Pourquoi m’écarte-t-elle ? A-t-elle finalement appris que je suis recherchée par la police, malgré toutes les précautions de Vincent ? Ou alors elle a déduit de mes confessions dans le carnet que je suis trop corrompue, depuis trop longtemps, pour pouvoir m’en sortir et elle pense que je ne mérite pas son aide.

Pourquoi ne m’a-t-elle pas avertie en face ? Je songe à l’appeler. Je n’ose pas. De quel droit irais-je lui demander des comptes ? Elle a été mon médecin, elle a estimé que son rôle était terminé, fin de l’histoire. Sauf que je sais bien que notre relation allait au-delà de ça. Ou peut-être me le suis-je imaginé ? Il paraît que les psychiatres craignent les transferts. C’est peut-être pour cela qu’elle ne peut plus diriger ma thérapie ? Est-ce que je me suis trop attachée à elle ? Suis-je devenue trop dépendante ?

Ce courrier me laisse totalement désorientée. Les bases sur lesquelles je m'appuie se déroberont-elles, toujours, comme un sable mouvant s’efface sous les pas, m’obligeant à des efforts que le commun des marcheurs ignore, sous peine de m’enfoncer à nouveau ?

Je cache à Adelina le vide engendré par la défection d’Elizabeth, car je ne veux plus susciter son inquiétude. Sa fragilité m’est apparue avec les maladies qui l’assaillent les unes après les autres, et dont je me rends responsable, à tort ou à raison.

Au demeurant, j’ai fort à faire : je me suis engagé dans le sauvetage d’Adrian.
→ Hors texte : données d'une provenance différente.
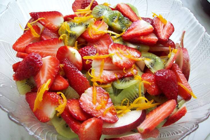 Этот салат подойдет в качестве десерта на праздничный стол или для романтического ужина. Вы можете экспериментировать, заменяя ингредиенты салата другими ягодами и фруктами, оставляя неизменным общее количество, и учитывая правило их совместимости.

Tous les matins à dix heures, celui-ci me téléphone depuis chez son « grandpa Raymond ». Je n’ose imaginer ce que les appels longue distance coûtent à l’aïeul, lequel se déclare heureux de pouvoir aider Adrian dans le dos de sa belle-fille. Il la déteste. J'ai cru comprendre qu’il lui reprochait d’avoir délaissé l’enfant, petit, et de s’en être débarrassé lorsque les problèmes, afférents à une éducation qu’il jugeait trop permissive, étaient survenus. Je souffre pour mon ami en liberté surveillée, soumis à des influences adverses et à qui on veut rogner les ailes que lui donne la musique... Adrian écoute mes compositions et m’ordonne les modifications. Je transcris le résultat sur des portées que je lui envoie par la Poste.
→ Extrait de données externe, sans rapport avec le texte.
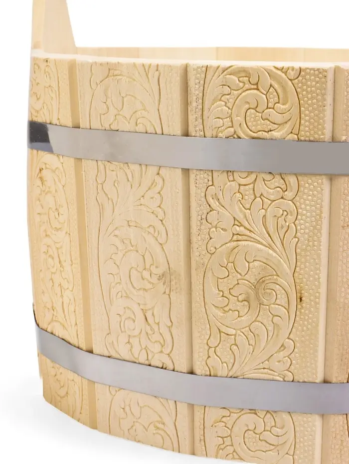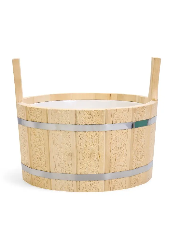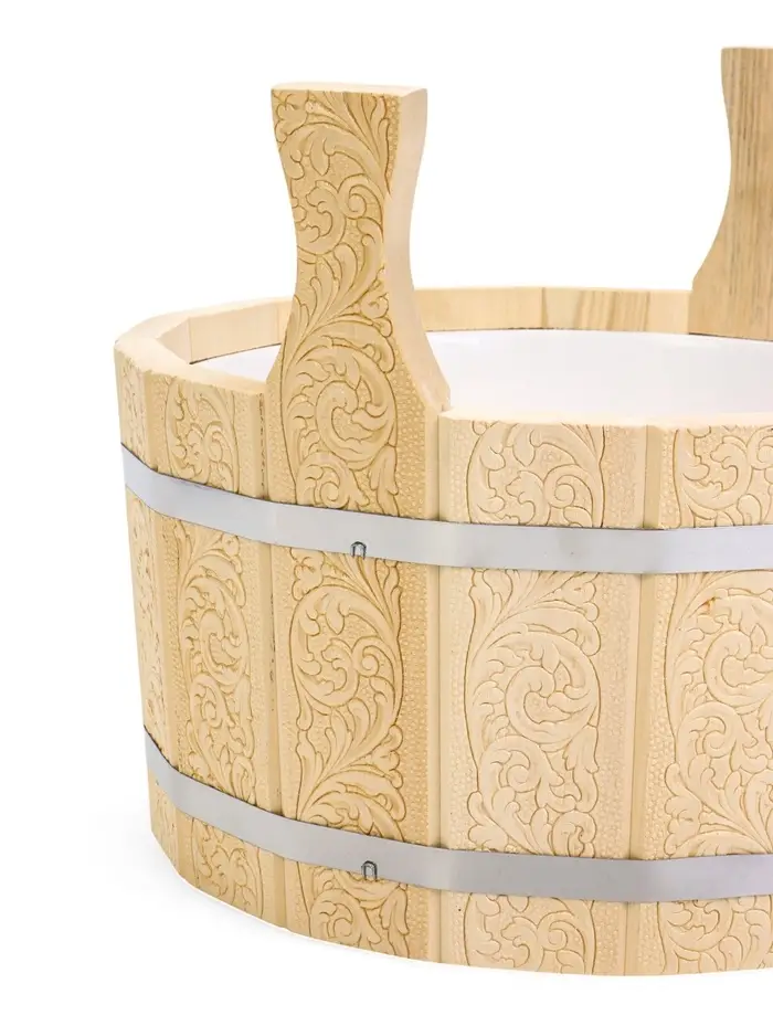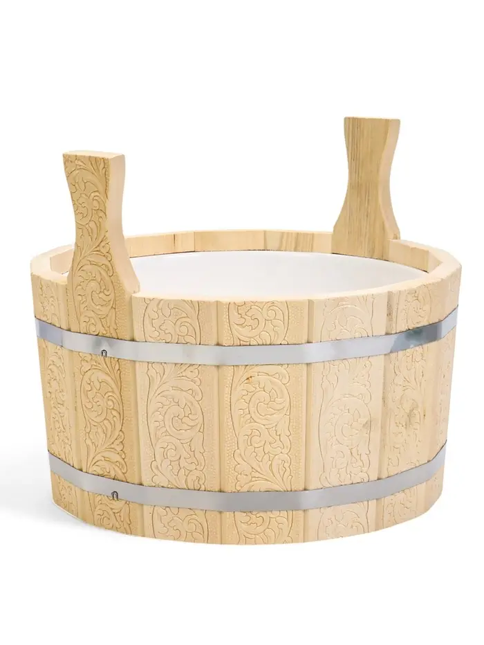Шайка для бани и сауны «Русский узор», 8 л, деревянная, пластиковая вставка, «Добропаровъ»

Nous avons conscience de l’absurdité du projet : un chanteur rock anglophone écrit des textes. Une pianiste classique française enregistre en Italie les arrangements sur des cassettes, assistée d’une vieille bonne. L’auteur déchiffre les partitions sur un demi-queue désaccordé avec l’aide de son grand-père... Pourtant nous faisons preuve d’une motivation sans faille, malgré les coupures de téléphone et les retards de courrier. Et surtout, nous rions de nous-mêmes, de nos deux êtres à la dérive dénués d’existence sociale, secondés chacun par son vieux, lancés à la conquête des Charts ! En un mois, nous « tenons » déjà deux chansons.